Огонь "Форта" пока не причинял вреда. Фрегат находился так далеко, что не мог вести прицельный огонь по батарее, расположенной в отлогости горы. Ядра и бомбы ударялись в зеленые склоны далеко от батареи, подбрасывали вверх землю и кусты ольшаника, сталкивали в воду обросшие мхом валуны. Кусты, падая, трепетали, будто цепляясь листвой за воздух.
Обреченный мучительному бездействию, мичман невольно размышлял о неравных условиях, в которые поставлены защитники Петропавловска. За свою недолгую жизнь Попов не раз испытывал горечь обиды, боль ущемленной гордости. Где бы ни появился русский корабль, в Европе или у берегов Америки, непременно испытывая нужду и в провианте, и в запасном такелаже, и в медикаментах, — на рейде всегда самодовольно покачивались отлично оснащенные британские суда. Почему в руках английского морского солдата штуцер, удобное, дальнобойное оружие, а наш должен довольствоваться кремневым или пистонным ружьем и покупать успех ценой жизни в штыковом бою? Зачем умный русский матрос, умелый, скорый на выдумку, прикован к старым пушкам, к гниющим судам, ко всяческой древности, за которую он же и платит жестокой ценой? Какая горечь, какая неизбывная беда! В России большое сословие мастеровых, чудесные умельцы, способные ко всякому рукоделию, талантливые инженеры, оружейники, фортификаторы, первые в мире сталевары, корабельные плотники — золотые руки, а дело обставлено так, что стоит выйти на люди — и все оказывается и бедным, и скудным, и куда как не новым. Какая-то злая сила мешает, путает, пресекает смелый порыв, вместо новейшего инструмента сует в руки дедовский топор, рвет чертежные листы с запечатленным на них полетом вдохновенной мысли, а стоит начаться делу, жаркому, настоящему, когда поздно уже охать и поздно разыскивать в истлевших архивах отвергнутые проекты, — и солдат кровью, жизнью своей платит за постыдное всевластие этой злой и тупой силы…
Под командой Попова двадцать восемь матросов. Они ждут боя. В бою, пусть неравном, они сумеют показать свою отвагу и силу. А неприятель, будто насмехаясь над ними, хладнокровнейшим образом расстреливает их позиции. Над головой Попова пролетают, врезаясь в холм, ядра. На "Форте" успели пристреляться, ядра ложатся все ближе к ровным фасам батарей.

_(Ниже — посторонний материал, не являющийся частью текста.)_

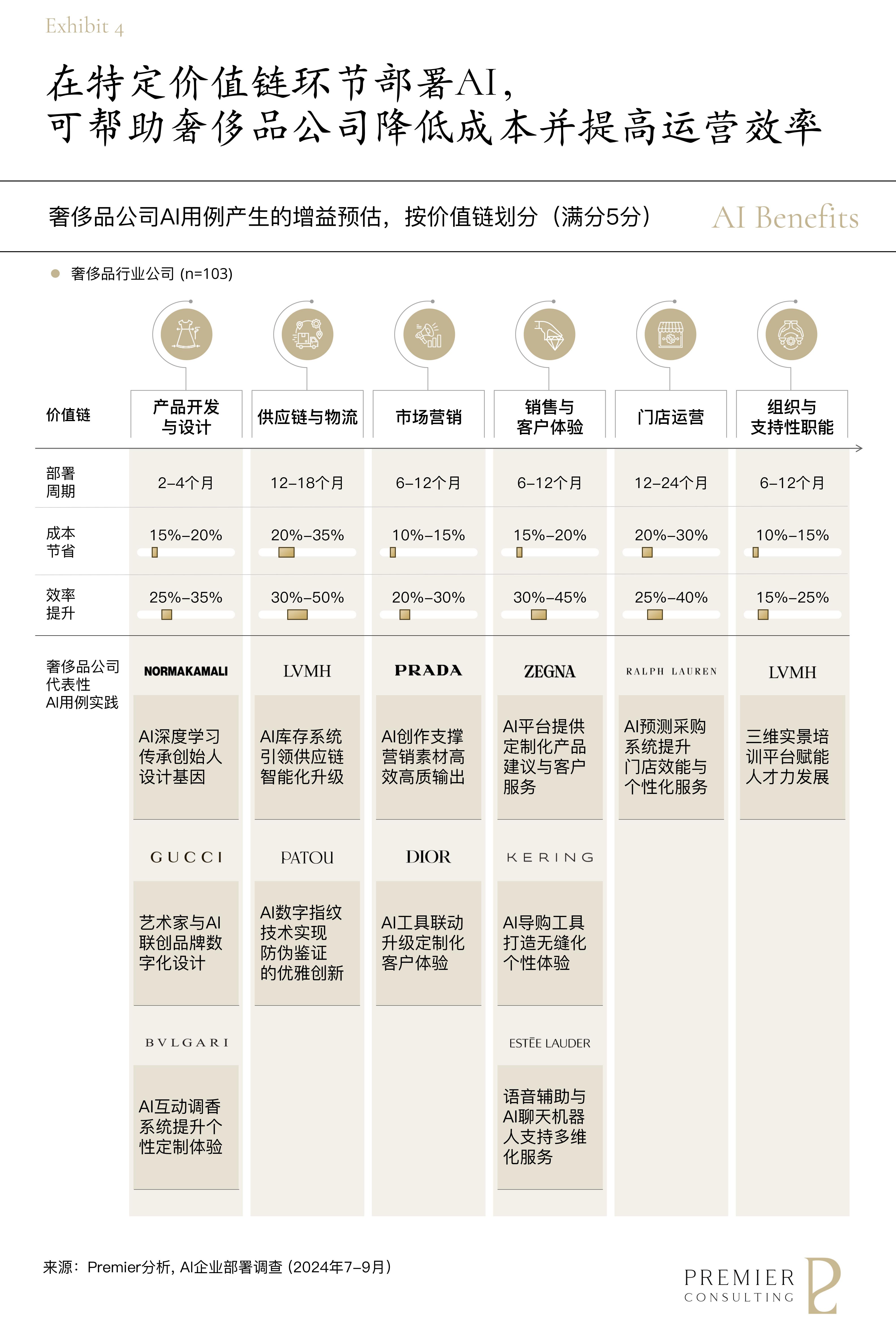 然而,整体行业对AI的投入增速依旧可观。GlobalData研究显示,奢侈品行业在过去三年对AI的累计投资逾3.6亿美元,较前三年期同比增长79%。Premier预计,2024至2028年间,全球奢侈品公司的AI相关投入CAGR将维持在约12.7%;至2028年,奢侈品行业企业级AI投入将达27亿美元[Exhibit 2],相当于同期全球奢侈品市场规模的1‰。
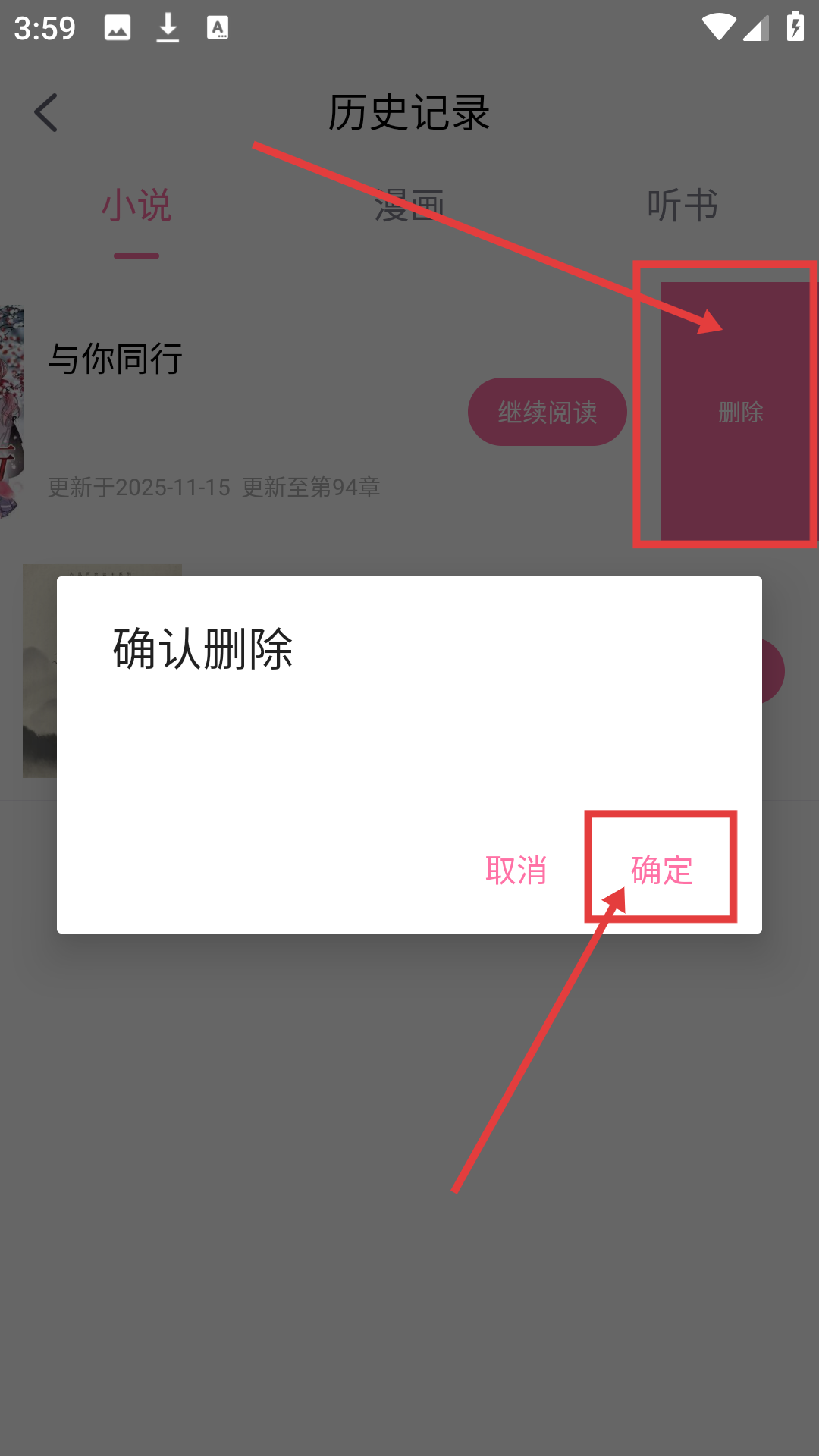 4、选择要删除的阅读记录,点击【删除】后确认【确定】,即可删除该阅读记录哦。

Угадав мысли Попова, находившийся при нем веснушчатый, как воробьиное яйцо, гардемарин Колокольцев говорит:
— Ничего, ничего, все же придется им подойти ближе. Этак они расстреляют все свои заряды.
— У них в запасе десант, — сосредоточенно ответил мичман. — Слишком сильная партия для Красного Яра.
— Триста человек, — поспешно заметил Колокольцев. — Я подсчитал. По двадцать в шлюпке.
Попов успевал наблюдать за действиями Сигнальной батареи. По мере того как сопротивление батареи ослабевало, неприятель усиливал огонь по Кладбищенской. "Вираго" подбуксировал французский фрегат ближе к берегу. "Пик" и "Президент" вели навесный огонь по батарее. "Форт" разрушал своими выстрелами бруствер, стремясь вывести из строя орудия.
Под прикрытием фрегатов приближались гребные суда неприятеля. Попов рассматривал в трубу дюжих гребцов, матросов, зажавших между коленями блестевшие на солнце штуцеры. В двух шлюпках впереди небольшой флотилии стояли офицеры, — одного из них, стройного, молодого, небрежно играющего снятой перчаткой, Попов разглядел очень хорошо и как будто узнал по стоянке в Кальяо.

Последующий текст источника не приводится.